« Les pressions politiques et policières doivent cesser » : communiqué de la famille Traoré


La rédaction

Nous publions ici le dernier communiqué de presse de la famille d’Adama Traoré, mort dans la cour de la gendarmerie de Persan le 19 juillet 2016. Depuis, la famille fait face à des pressions émanant de la municipalité et de la gendarmerie...

Que cherchent les forces de l’ordre et la municipalité de Beaumont-sur-Oise ? C’est la question que nous nous posons après les événements survenus ce jeudi 18 novembre en marge du conseil municipal. En tant qu’habitants de Beaumont, nous nous y sommes rendus afin d’exprimer notre incompréhension face à la plainte de Nathalie Groux, maire de la ville, contre Assa Traoré…et nous avons été accueillis par les gendarmes et la police municipale. Une honte !

Alors même que la séance était ouverte au public et qu’il restait de la place dans la salle, les gendarmes nous ont bloqués à l’entrée, prétextant mille et une choses pour nous empêcher d’assister au conseil. Face à notre insistance légitime, ils ont répondu par du gaz lacrymogène, touchant notamment la belle-mère d’Adama Traoré et un bébé…La situation aurait pu dégénérer mais les proches du défunt ont pris sur eux et ont fini par rentrer au quartier.

À peine arrivés à Boyenval, nous avons eu le droit à une violente descente d’une centaine de gendarmes venus en découdre. Ils prétendent s’être déployés après des tirs de mortiers mais aucun d’entre nous n’en a entendus. Craignant un nouveau drame, nous avons tout fait pour éviter une confrontation entre les forces de l’ordre et les jeunes mais certains, dont le petit frère d’Adama Traoré, ont fini tabassés par plusieurs gendarmes. Une plainte va d’ailleurs être déposée.

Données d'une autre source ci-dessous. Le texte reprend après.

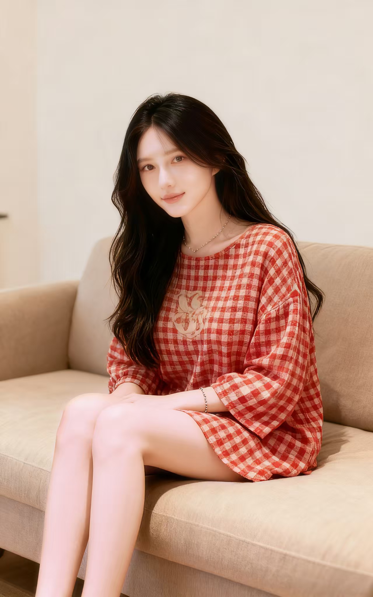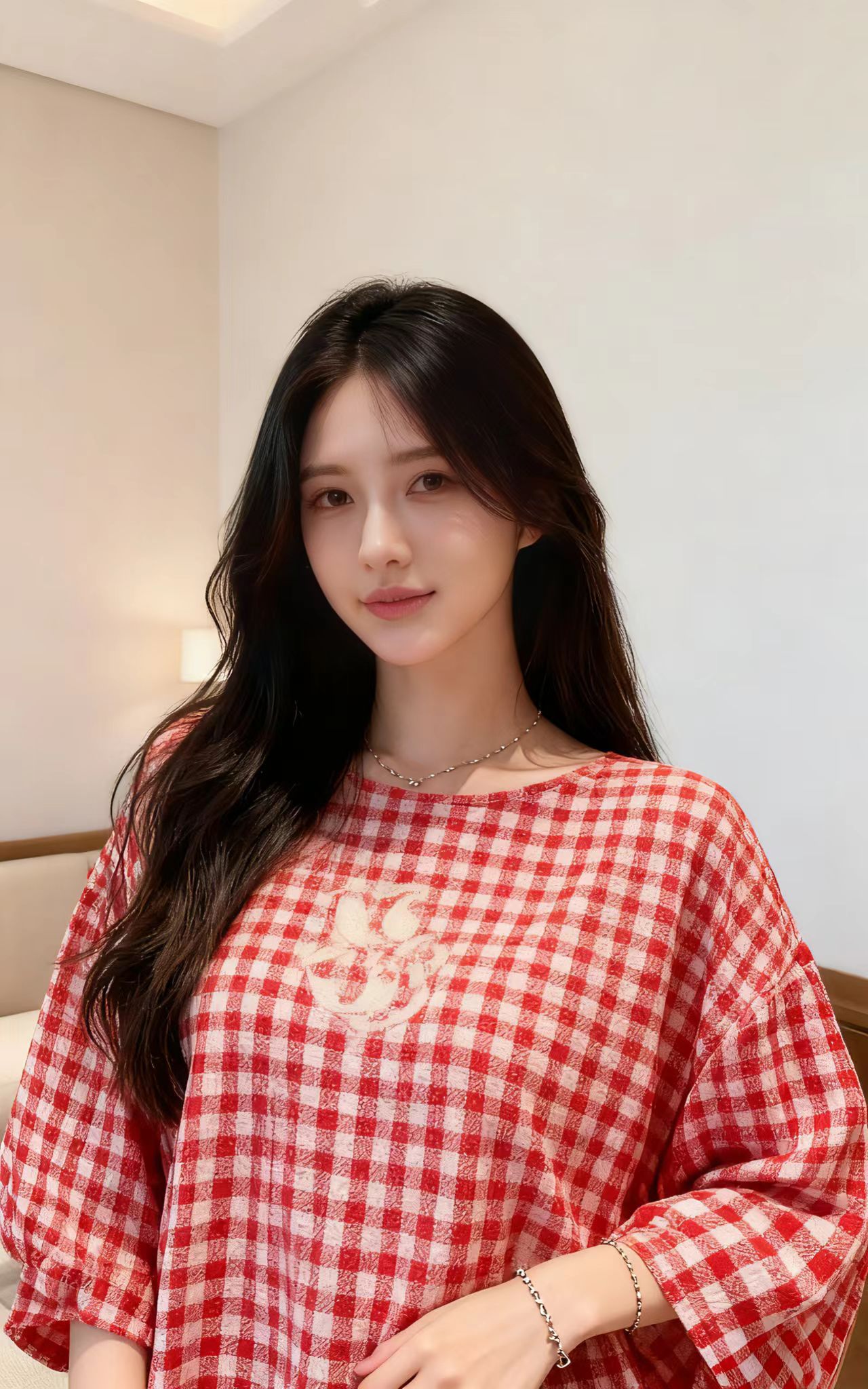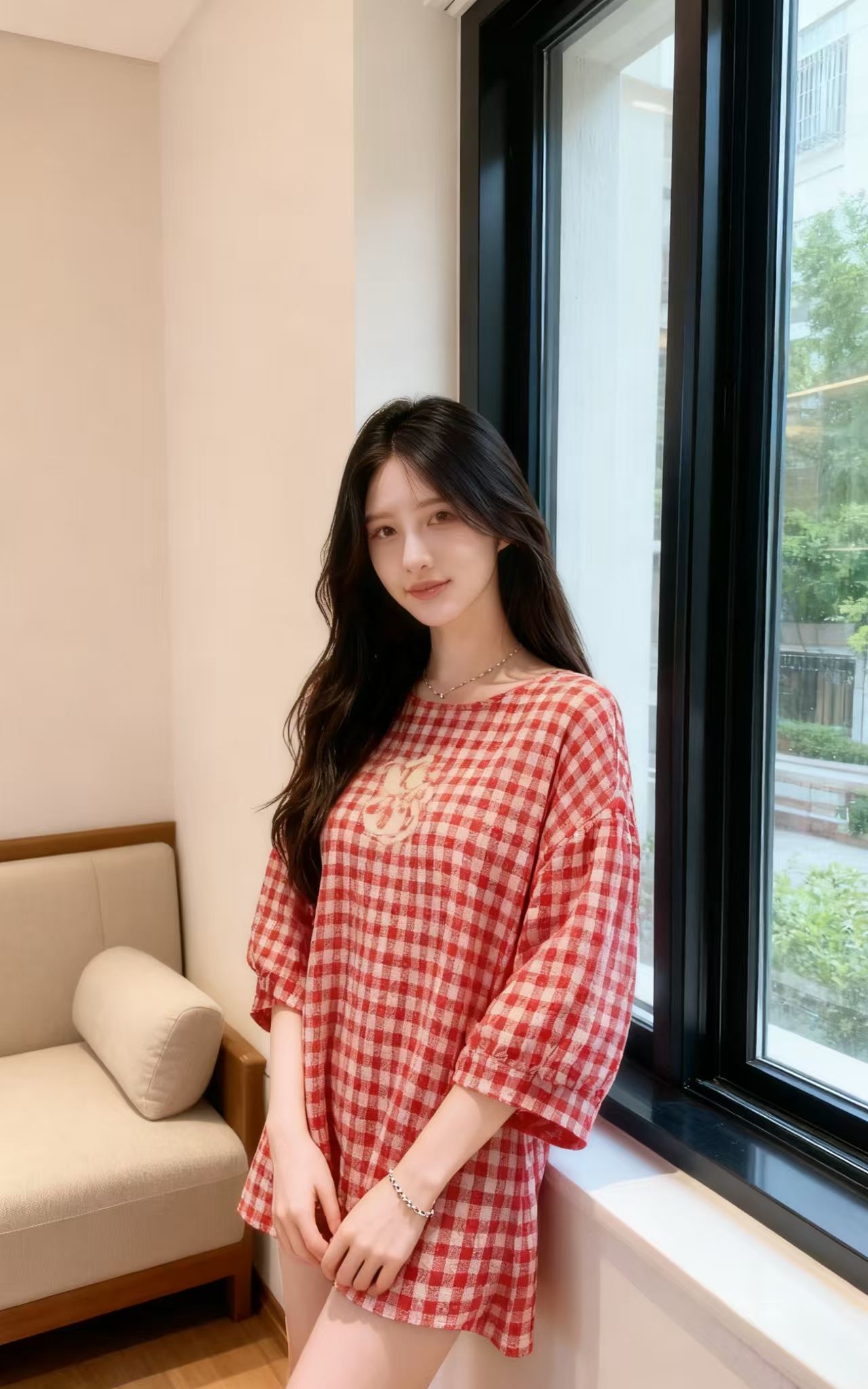 穿着一件红白格子图案的宽松上衣,采用圆领设计,衣长及臀,袖子为七分袖,整体版型休闲舒适。

Ces violences sont inadmissibles. Quand tout ceci va-t-il cesser ? Depuis la mort d’Adama, le quartier fait face à de nombreuses pressions politiques et policières. Il faut que ça s’arrête. Devons-nous rappeler que nous sommes les victimes dans cette histoire ?

C’est nous qui avons perdu un frère dans d’atroces conditions le jour de son 24e anniversaire. C’est nous qui avons dû faire face aux mensonges du procureur de Pontoise, aux déformations médiatiques, aux découvertes douloureuses sur la manière dont est décédé notre frère, aux violences policières, au mépris politique et à un sentiment d’injustice persistant auquel vient de s’ajouter cette plainte contre Assa Traoré. Ironie du sort, la maire de Beaumont (qui n’hésite pas sur son compte Facebook à appeler les « citoyens de souche » à s’armer pour aider la police) n’avait eu aucune considération pour notre famille jusqu’alors. Sans doute faut-il prendre cette plainte et l’envoi de la police municipale comme la présentation de ses condoléances…

Depuis le début, que ce soit à travers le traitement médiatique, politique, judiciaire ou policier de cette affaire, tout se passe comme si nous étions les coupables. Nous ne voulons que la vérité et la justice pour Adama Traoré, et pour toutes celles et ceux qui ont perdu la vie dans des conditions similaires. Est-ce trop demandé ?

Visiblement oui.

Mais aucune de ces pressions, aucune de ces tentatives d’intimidation, aucune de ces violences ne nous feront taire. Au contraire, elles alimentent chaque jour un peu plus le combat que nous menons et que nous sommes déterminés à renforcer jusqu’au bout. À ce titre, nous remercions toutes les personnes qui nous soutiennent et les invitons à venir nous donner de la force lors du prochain conseil municipal qui aura lieu ce mardi 22 novembre, à 20h45, à la Mairie de Beaumont-Sur-Oise.